Builty is a point solution, and from my conversation with the CEO, she’s happy to remain that way. She doesn’t want investors. She wants to build the best building permit scrape and enable us and others to create products (platforms) on top of it. When I asked her why she said what I’d quietly feared as Shovels moved down this path: the scrape is hard enough. They don’t have the bandwidth to figure out what to do with the data. Making the data accessible is all they can manage.

If Shovels wants to be a platform, it must avoid being a point solution. It should not be Builty. When my mind took me here yesterday, I had to sit back and laugh. All that mental struggle over the last few weeks, all that googling and searching and frustration that other companies were already scraping building permits, all of it was a blessing. We don’t need to do that. We can be Data.ai, Apptopia, Salesloft, and Outreach rather than MightySignal, AppMonsta, and Sendbloom.

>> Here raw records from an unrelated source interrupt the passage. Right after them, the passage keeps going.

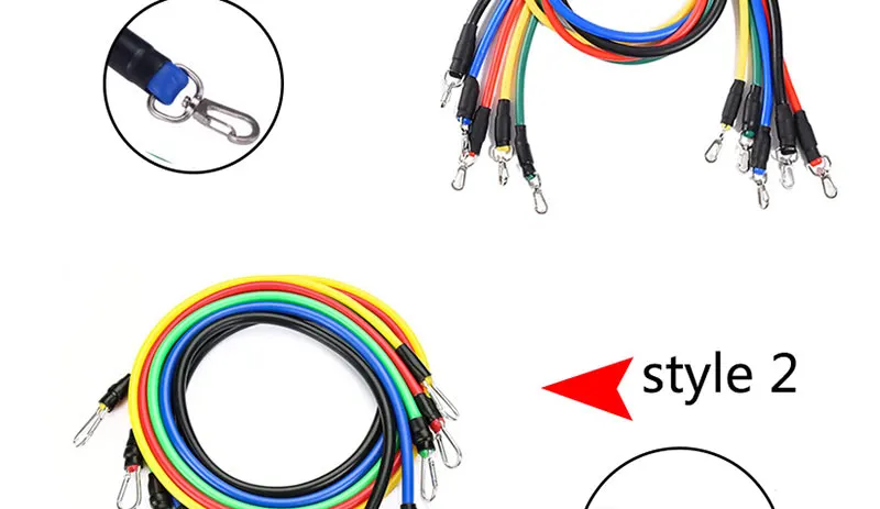 5 резинок сопротивления, 1 якорь для двери, 1 сумка для переноски, 2 ручки с пенопластом. 2 лямки для лодыжки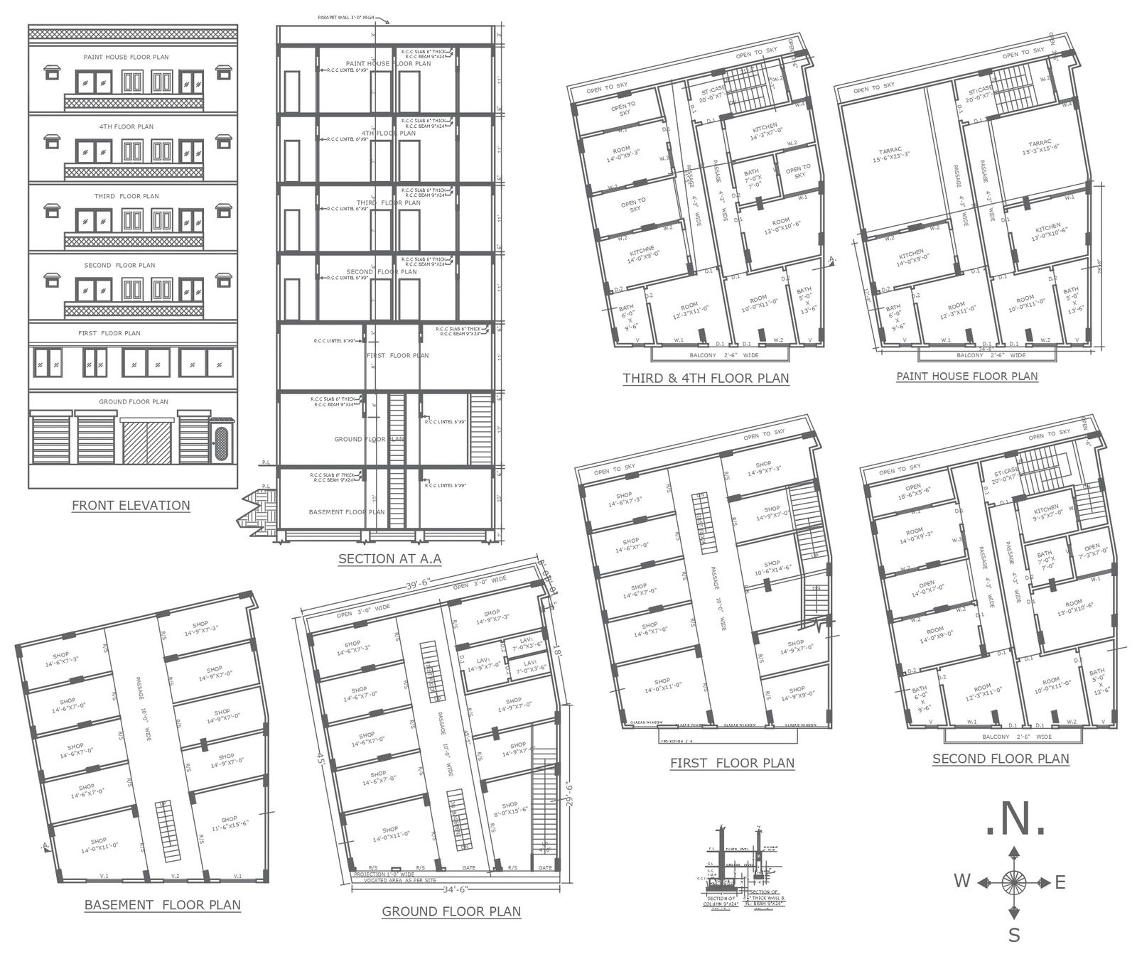 Penthouse design with all floor plan elevation and section detail DWG AutoCAD drawing.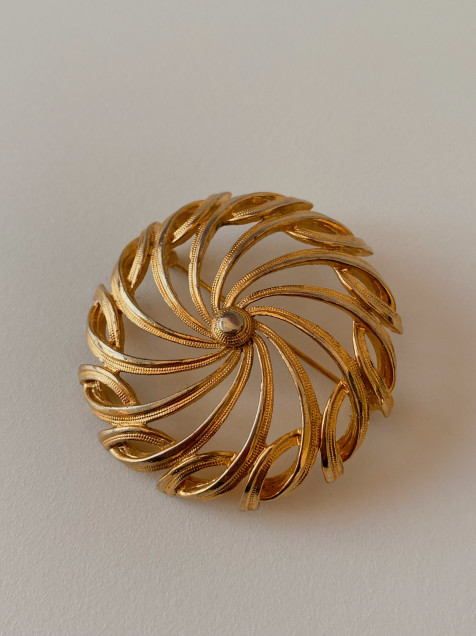 Broche diseño espiral, 5 cm de diámetro metálico dorado el tono puede ser un poco más claro, respaldo de aguja.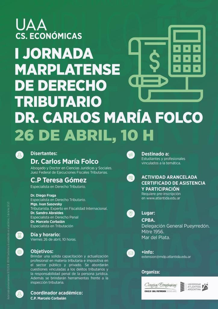 Se encuentra abierta la inscripción para participar de la 1º Jornada Marplatense de Derecho Tributario "Dr. Carlos María Folco" organizada por la Secretaría de Extensión y la Facultad de Ciencias Económicas de la Universidad Atlántida en conjunto con la Delegación.

This means we can start building the platform… NOW.

Here’s the data we need to mash up together to become the most interesting real estate and construction data platform:

  • MLS/Zillow for property detail and sales history
  • Builty for permit and inspection detail
  • Census for demographic information

With this data we can build products like:

  • Public contractor profiles with ratings
  • Time to permit and permit fees by permit type and city or county
  • Property valuation and square footage adjustment using detail from permits
  • A new green home rating using detail from permits
  • CRM for contractors pre-populated with their permitted jobs and leads based on permit history

And with other data that I’m not aware of yet, we’ll be able to build even more. This is the beauty of being a platform.

The clouds part when we don’t have to do the scrape ourselves. Now we can be creative!

The platform exercise

This got me thinking: could I have landed here sooner? Is there a lesson here about thinking beyond the initial problem?

The platform exercise could be like this:

  • State the current problem and solution you want to build
  • Now assume that the solution already exists and the original problem is solved
  • What’s the next big problem? <– This is probably where the money is!

Point solutions solve problems for platforms. Platforms solve problems for the market.

I want my next company to be big, so Shovels should be a platform.